### TASK
The listing below must be repeated word for word, with its images excluded.

### INPUT DATA
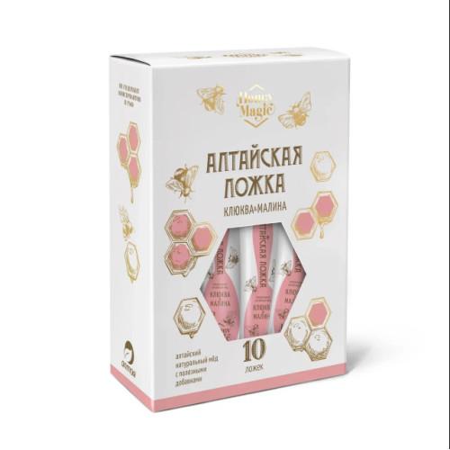 Honey Magic десерт медовый: Алтайская ложка мёд, клюква и малина; 10 ложек по 5 г
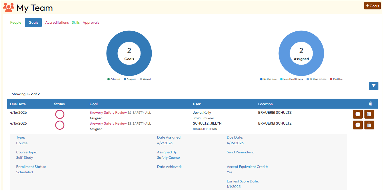 Goals are the only means of assigning accreditations to a learner. While they can achieve an accreditation by meeting all the requirements in a passive manner, a goal rule stands out to them and can be displayed on their My Learning page, Courses to Complete (if configured to do so), and on their My Training Plan page. They can clearly see their requirements and whether they are on track or overdue in accomplishing their goals.
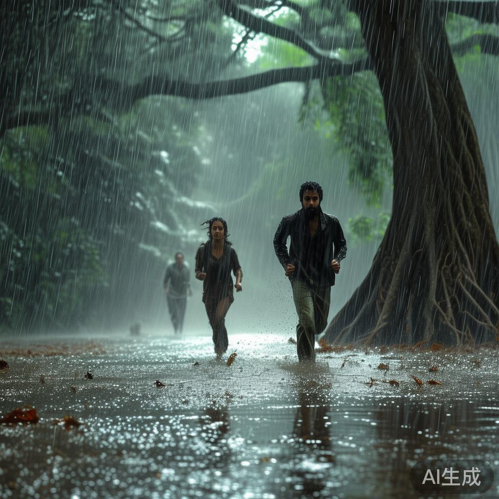 两人在暴雨中狂奔,心跳加速,如同被冲刷的枝叶随风飞舞。尽管四周充满了恐惧与不确定,但是梅子从阿明的眼中看到了勇敢与坚持,那一刻,心中的焦虑似乎有所减缓。终于,他们找到了一个躲雨的庇护所——一棵巨大的榕树,其粗壮的根系恰好为他们遮挡住风雨。
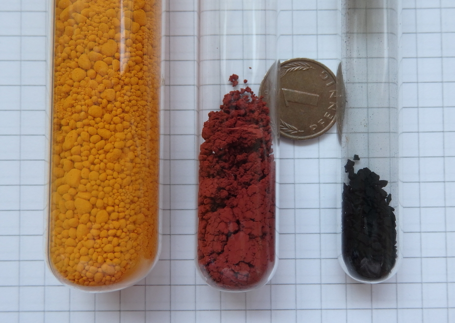 Gelbe Form von HgO (links) sowie die beiden Modifikationen von HgS (Mitte und rechts)

### OUTPUT
 Honey Magic десерт медовый: Алтайская ложка мёд, клюква и малина; 10 ложек по 5 г
 Goals are the only means of assigning accreditations to a learner. While they can achieve an accreditation by meeting all the requirements in a passive manner, a goal rule stands out to them and can be displayed on their My Learning page, Courses to Complete (if configured to do so), and on their My Training Plan page. They can clearly see their requirements and whether they are on track or overdue in accomplishing their goals.
 两人在暴雨中狂奔,心跳加速,如同被冲刷的枝叶随风飞舞。尽管四周充满了恐惧与不确定,但是梅子从阿明的眼中看到了勇敢与坚持,那一刻,心中的焦虑似乎有所减缓。终于,他们找到了一个躲雨的庇护所——一棵巨大的榕树,其粗壮的根系恰好为他们遮挡住风雨。
 Gelbe Form von HgO (links) sowie die beiden Modifikationen von HgS (Mitte und rechts)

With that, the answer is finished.